* **Directions for this task**:
In the listing below, find the line with "3.GPS信噪比(SNR),显示每个卫星" and the line with "Синергія активних компонентів: саліцилова". Repeat those two lines and all lines between them exactly.

* **Source material**:

----------------

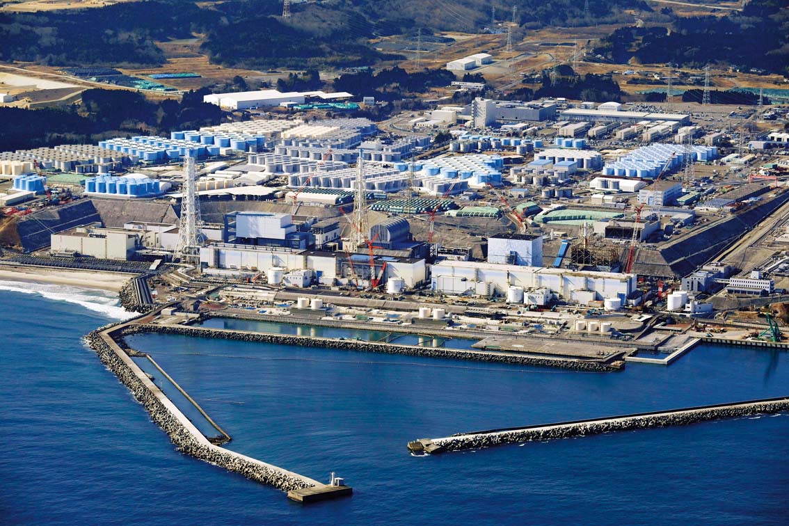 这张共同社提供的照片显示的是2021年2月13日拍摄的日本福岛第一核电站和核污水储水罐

----------------

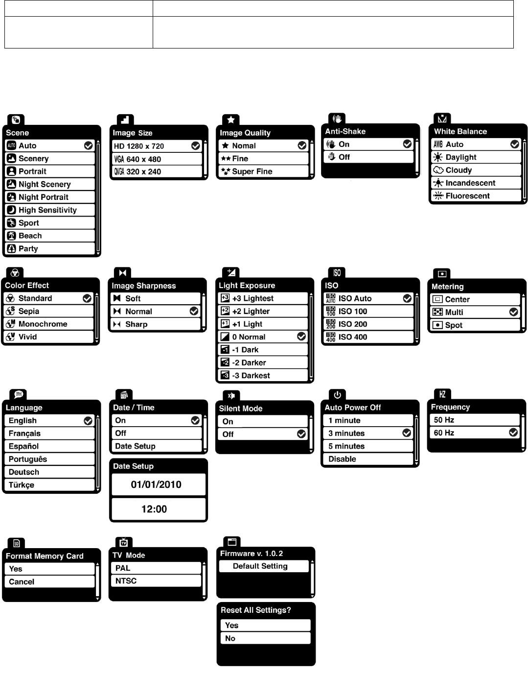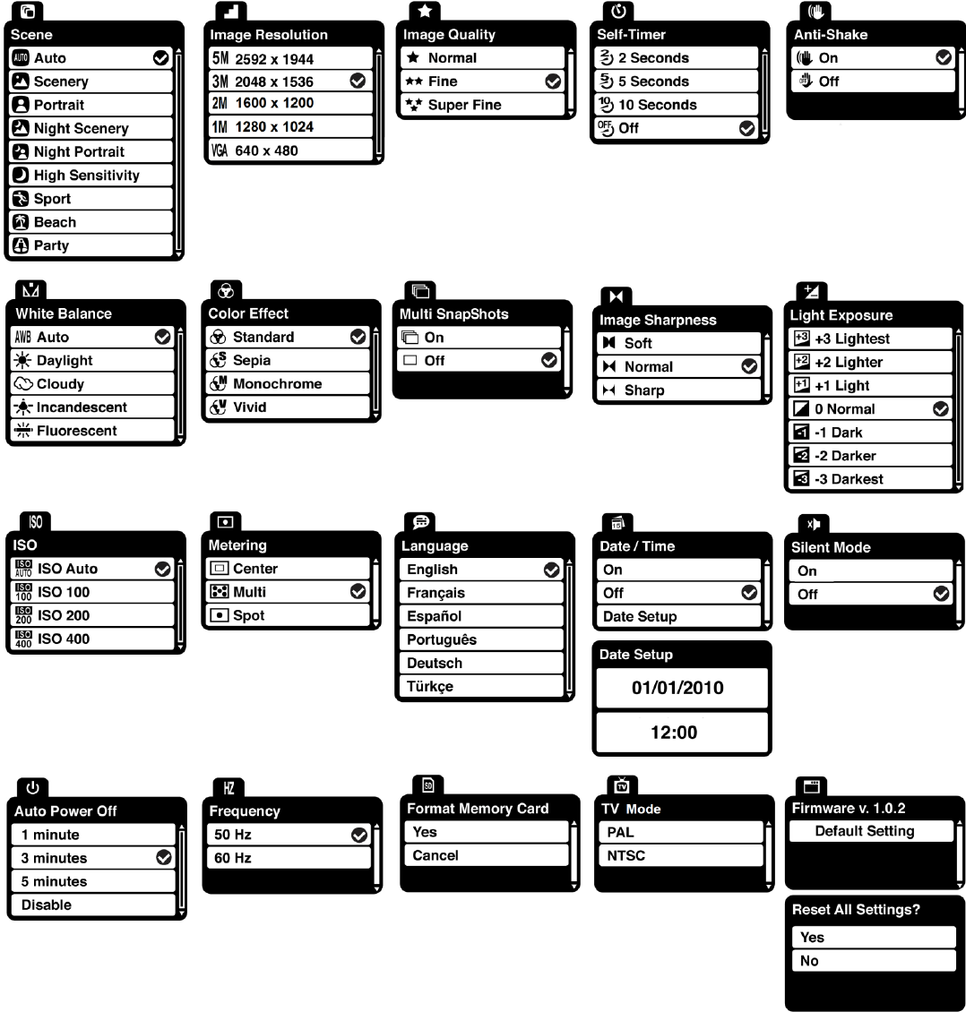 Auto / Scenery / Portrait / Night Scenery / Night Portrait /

----------------

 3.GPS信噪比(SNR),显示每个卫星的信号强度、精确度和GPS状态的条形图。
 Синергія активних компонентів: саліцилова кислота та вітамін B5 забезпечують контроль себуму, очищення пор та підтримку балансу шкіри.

----------------

* **Completed task**:
 3.GPS信噪比(SNR),显示每个卫星的信号强度、精确度和GPS状态的条形图。
 Синергія активних компонентів: саліцилова кислота та вітамін B5 забезпечують контроль себуму, очищення пор та підтримку балансу шкіри.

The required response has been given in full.